Mateusz MorawieckiDarek Delmanowicz / PAP
Nawrocki nie skleił PiS
Jednak faktem jest, że poznańskiego posła Prawa i Sprawiedliwości za te słowa skrytykował rzecznik partii. Bochenek podkreślił w wypowiedzi dla Polskiej Agencji Prasowej, że sukcesja w PiS, „jeżeli do niej dochodzi, jest związana ze statutem i kadencją osób pełniących określone funkcje”.
— Mówienie, dywagowanie na ten temat dzisiaj kompletnie nie ma sensu i nie za bardzo wiem, czemu ma służyć. Warto podkreślić, że kadencja [prezesa PiS] upływa w 2029 r., więc jest jeszcze dużo czasu — dodał.

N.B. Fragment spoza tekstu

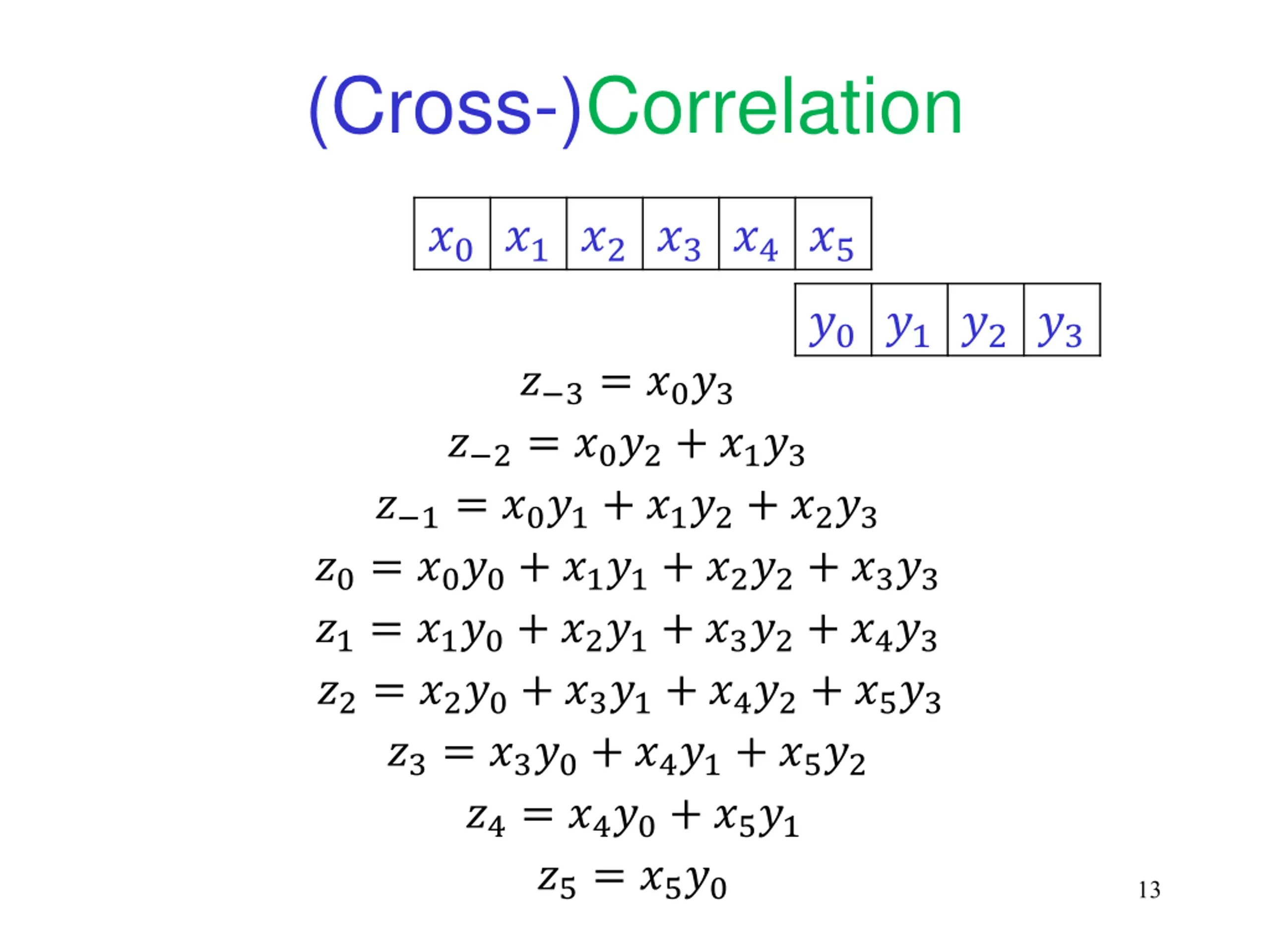 (Cross-)Correlation ?0?1?2?3?4?5 ?0?1?2?3 ? 3= ?0?3 ? 2= ?0?2+ ?1?3 ? 1= ?0?1+ ?1?2+ ?2?3 ?0= ?0?0+ ?1?1+ ?2?2+ ?3?3 ?1= ?1?0+ ?2?1+ ?3?2+ ?4?3 ?2= ?2?0+ ?3?1+ ?4?2+ ?5?3 ?3= ?3?0+ ?4?1+ ?5?2 ?4= ?4?0+ ?5?1 12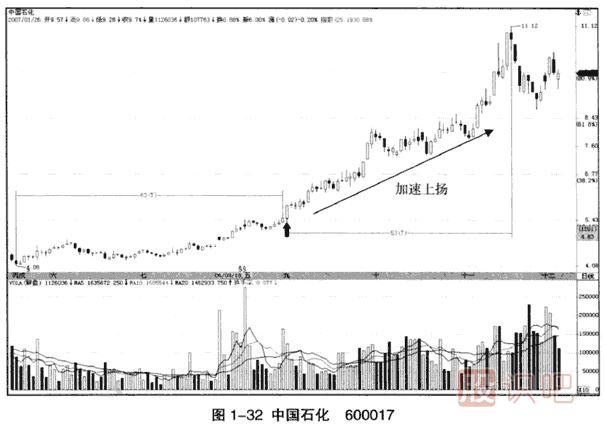 (1)加速大陽(yáng)線(xiàn)出現之后,股價(jià)沒(méi)有像上文日照港一樣展開(kāi)快速拉升。

Bochenek nie zostawił suchej nitki również na inicjatywie europosła Waldemara Budy, który zaczął zbierać podpisy pod wnioskiem o wyrzucenie z PiS Jacka Kurskiego. Według rzecznika ugrupowania „jeżeli ktoś podejmuje taką inicjatywę, to ma wyraźnie złą wolę”.
— Tego rodzaju pomysł sprawia wrażenie scenariusza realizowanego na zamówienie drugiej strony sceny politycznej. Dziwię się, że pan Buda się w to wpisuje — stwierdził Rafał Bochenek.

Waldemar BudaJacek Slomion/REPORTER / East News
Najbardziej gorzki paradoks dotyczy samego prezydenta. Sukces Nawrockiego nie skleił partii — raczej ją rozszczelnił. I to właśnie dlatego w PiS zamiast świątecznej radości po wygranej pojawia się nerwowość. Zwycięstwo miało przykryć spory. Tymczasem uruchomiło wyścig o to, kto będzie mówił w imieniu prawicy — i kto usiądzie najbliżej stołu, gdy znów pojawi się realna perspektywa władzy.
W tej atmosferze nawet opłatek staje się głosowaniem nad lojalnością. A im więcej „wigilii”, tym trudniej udawać, że w PiS to tylko chwilowe emocje. Zwłaszcza że konkurencja na prawo od Prawa i Sprawiedliwości rośnie w siłę.